Slechts over één factor van de heidensche beschaving zal ik hier spreken: over de kunst en haar diep-ingrijpend belang voor de missioneering, en heb dan vooral op het oog de oude, wijduitgestrekte aziatische centra: China, Japan, Voor- en Achter-Indië, Java: elk met hun eigen hoogstaande en heel karakteristieke kunstuitingen. Toch geldt het volgende in meerdere of mindere mate ook voor alle lager staande culturen.
Voor den Katholieken godsdienst, die zich richt tot den geheelen
| |
| |
mensch, geestelijk en zinnelijk, is de kunst een wezenlijk bestanddeel. Dat dus de priester, meer bijzonder de missionaris, daar tegenover niet neutraal mag staan, niet neutraal kàn staan, behoeft geen verder betoog.
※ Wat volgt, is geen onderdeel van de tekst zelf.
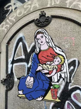 Esta obra repete-se em vários lugares na capital da Lombardia, a região mais afetada pela pandemia, assim como a imagem de ‘Maria com o menino Jesus’ que pede dinheiro com o mesmo copo:

En misschien zal men - ik vrees het een weinig - van de enkele hoofdbeginselen over kerkelijke kunst in de Missie, die ik op ga zetten, eveneens gelooven, dat ze geen verder betoog behoeven, en den indruk meenemen, dat ik tegen windmolens aan het vechten ben. Het is mij tenminste herhaaldelijk overkomen, wanneer ik tegenover iemand in het moederland mijn ideeën over de noodzakelijkheid van een Christelijk-inheemsche kunst in de Missies ontwikkelde, dat deze alles zoo héél vanzelf sprekend vond en mij lichtelijk verbaasd vroeg, of daar dan heusch iemand aan twijfelde. Toch schuilt hier een moeilijk en ingewikkeld probleem, dat ik geenszins fingeer. Als sterkste bewijs, dat voor een missiekenner niet paradoxaal zal klinken doch zeer overtuigend, voer ik aan: het feit, dat het meerendeel der missionarissen het bestaan van zoo'n probleem nauwelijks schijnen te vermoeden, en voortleven in een onberedeneerde sleur.
Ten opzichte van de kerkelijke kunst, die ook in de Missie onmisbaar is, en juist dáár haar opvoedende kracht het meest moet toonen. kan de missionaris de volgende richting kiezen.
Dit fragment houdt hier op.